## Directions for this task:
Nothing but the pictures may be left out. Restate the rest of the entries word for word.

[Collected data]
---------------

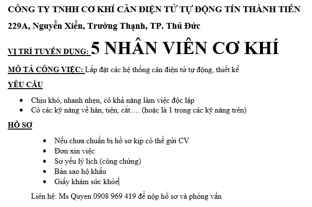 THÁNG 4 – TUYỂN DỤNG NHÂN VIÊN CƠ KHÍ
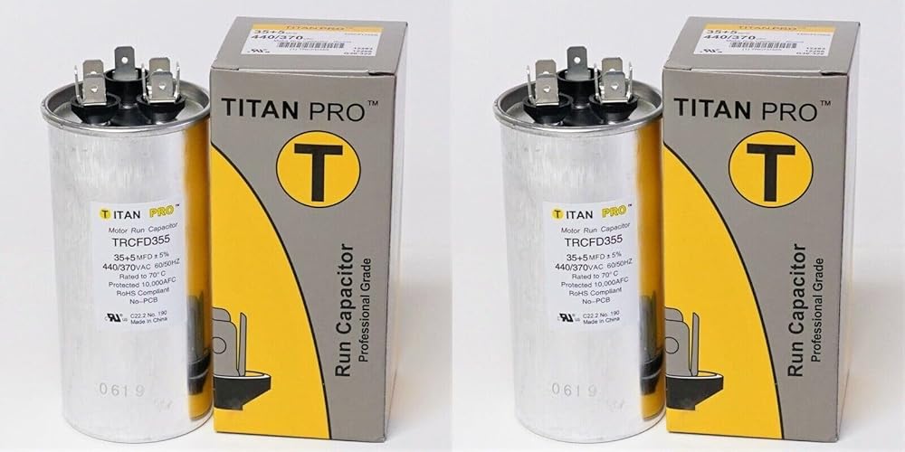 2 PACK TitanPro TRCFD355 HVAC Round Dual Motor Run Capacitor. 35/5 MFD/UF440/370 Volts Specifications: Diameter- 2.11" Height- 4.13" Add 1/2 inch to height for terminal length. Round in shape. There are 1/4" male terminals on the capacitor. Rated at 35/5 MFD/uf 440/370 Volts 50/60HZ. Features: Heat tolerant, tested up to 60,000 hours of run time. Cans are made of high-grade metallized polypropylene film and proprietary Epoxidized Soybean Oil (ESO). Three tri-blade terminals (c, h, f) Rated to 158 Degrees (Fahrenheit), Protected to 10,000 AFC. Meets UL 810 safety standards. NON PCB Long Life Operation.
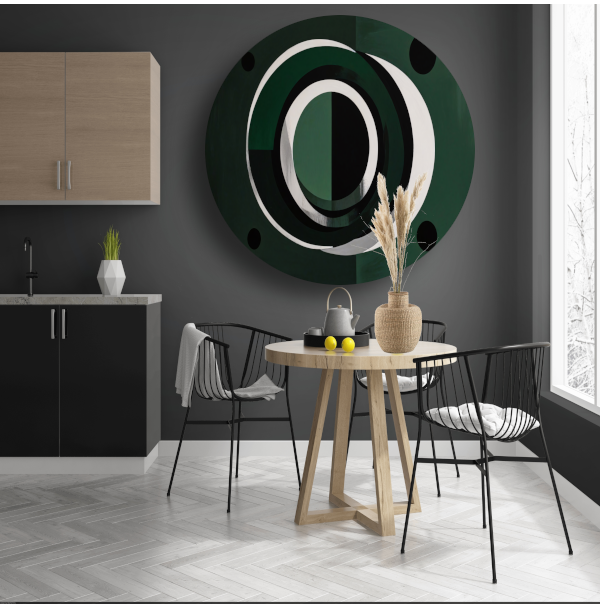 Overlappende Cirkels in Zwart, Wit en Groen forex muurcirkel
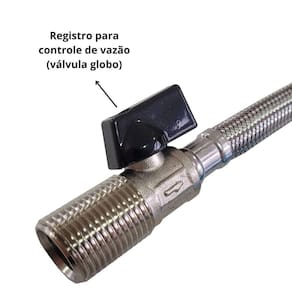 Engate Flexível com Registro 40cm Aço Inóx Lavatório Torneiras Banheiro Cozinha
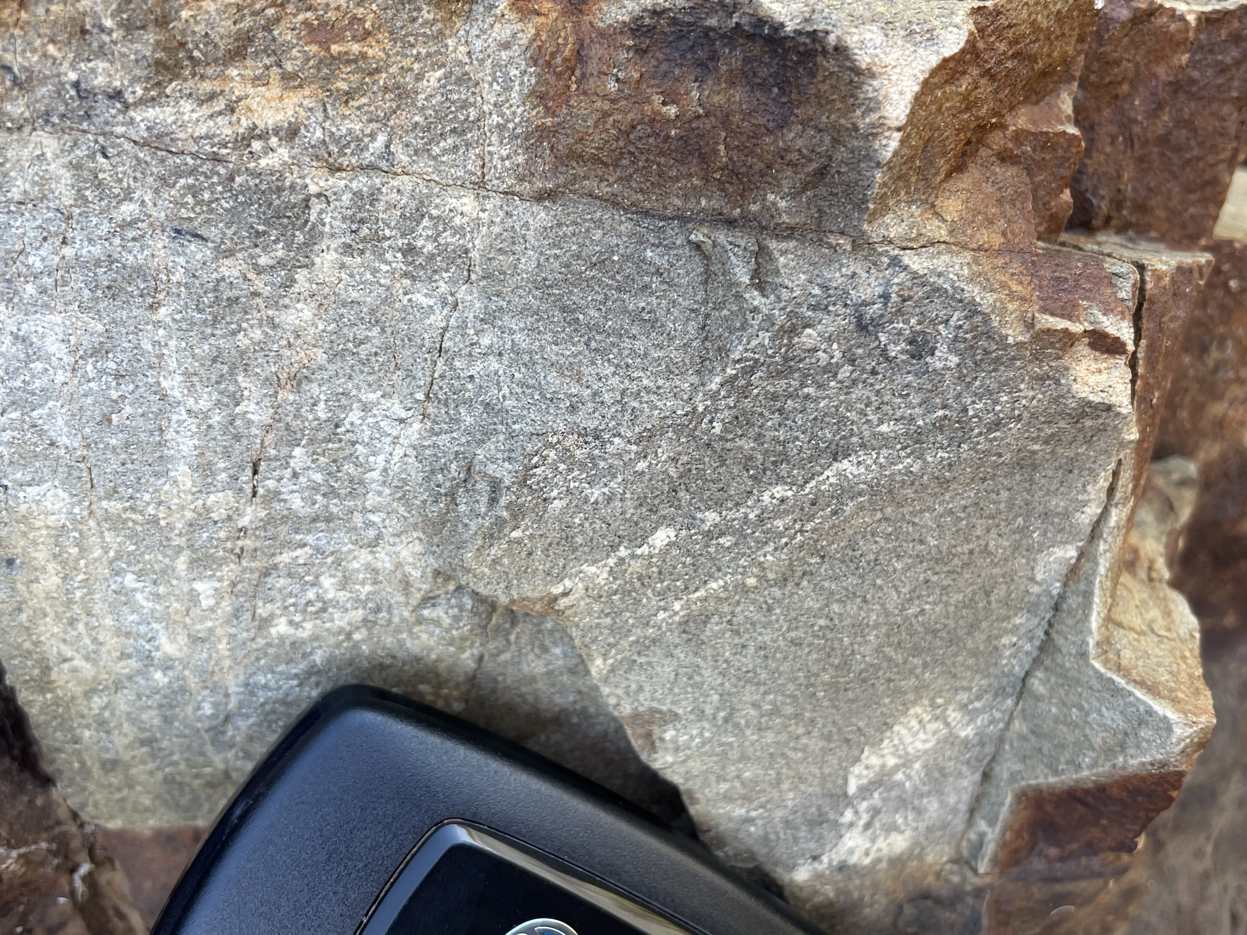 Examining the rocks up closer (Fig. 4) reveals fine textures supporting the proposed turbidite depositional environment.
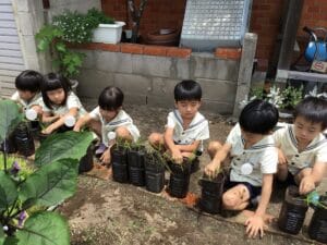 今年もA組さんがペットボトルを用いた自分だけの田んぼに稲を植えました。
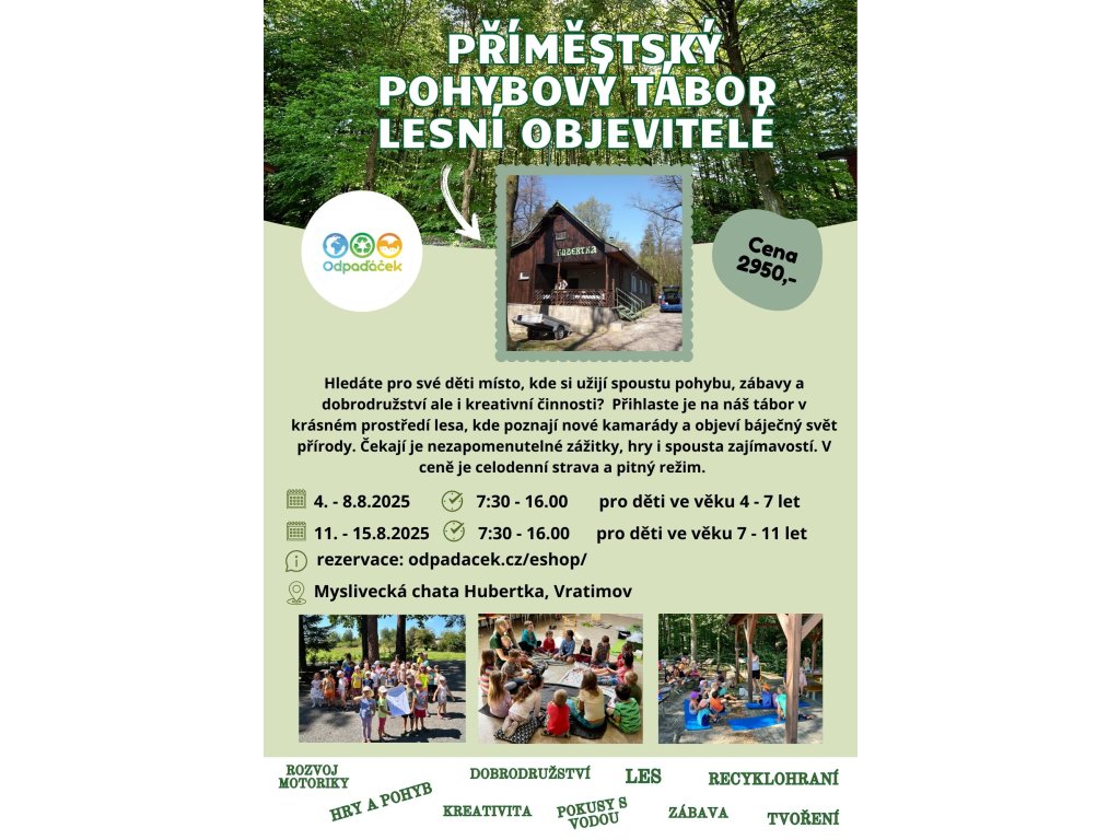 Příměstský atleticky pohybový tábor Lesní objevitelé na chatě Hubertka Vratimov 4 - 8.8.2025, VĚK 4 - 7 LET
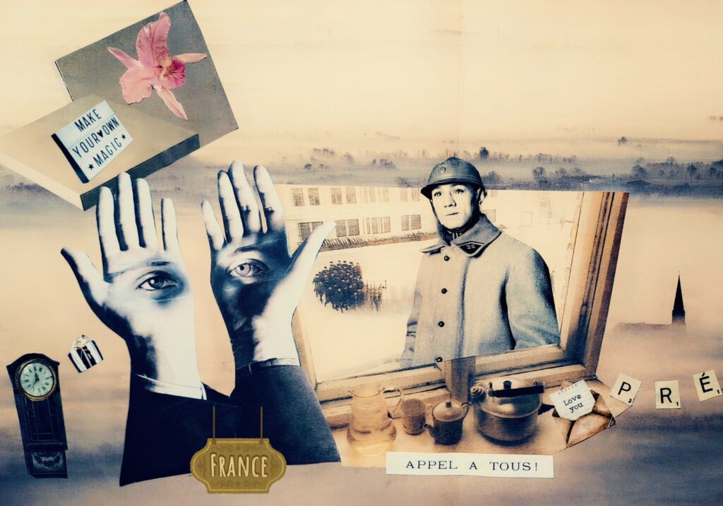 Installé aux portes de Paris, cet artiste autodidacte a fait du collage bien plus qu’un simple passe-temps : une véritable vocation. Ce qui avait commencé comme un hobby s’est progressivement imposé comme une activité à plein temps, portée par une inspiration profondément ancrée dans l’onirisme, le surréalisme et les représentations symboliques.
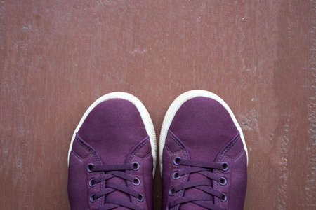 Purple sneakers from an aerial view on concrete pavement, Top view.

---------------

## Task response:
 THÁNG 4 – TUYỂN DỤNG NHÂN VIÊN CƠ KHÍ
 2 PACK TitanPro TRCFD355 HVAC Round Dual Motor Run Capacitor. 35/5 MFD/UF440/370 Volts Specifications: Diameter- 2.11" Height- 4.13" Add 1/2 inch to height for terminal length. Round in shape. There are 1/4" male terminals on the capacitor. Rated at 35/5 MFD/uf 440/370 Volts 50/60HZ. Features: Heat tolerant, tested up to 60,000 hours of run time. Cans are made of high-grade metallized polypropylene film and proprietary Epoxidized Soybean Oil (ESO). Three tri-blade terminals (c, h, f) Rated to 158 Degrees (Fahrenheit), Protected to 10,000 AFC. Meets UL 810 safety standards. NON PCB Long Life Operation.
 Overlappende Cirkels in Zwart, Wit en Groen forex muurcirkel
 Engate Flexível com Registro 40cm Aço Inóx Lavatório Torneiras Banheiro Cozinha
 Examining the rocks up closer (Fig. 4) reveals fine textures supporting the proposed turbidite depositional environment.
 今年もA組さんがペットボトルを用いた自分だけの田んぼに稲を植えました。
 Příměstský atleticky pohybový tábor Lesní objevitelé na chatě Hubertka Vratimov 4 - 8.8.2025, VĚK 4 - 7 LET
 Installé aux portes de Paris, cet artiste autodidacte a fait du collage bien plus qu’un simple passe-temps : une véritable vocation. Ce qui avait commencé comme un hobby s’est progressivement imposé comme une activité à plein temps, portée par une inspiration profondément ancrée dans l’onirisme, le surréalisme et les représentations symboliques.
 Purple sneakers from an aerial view on concrete pavement, Top view.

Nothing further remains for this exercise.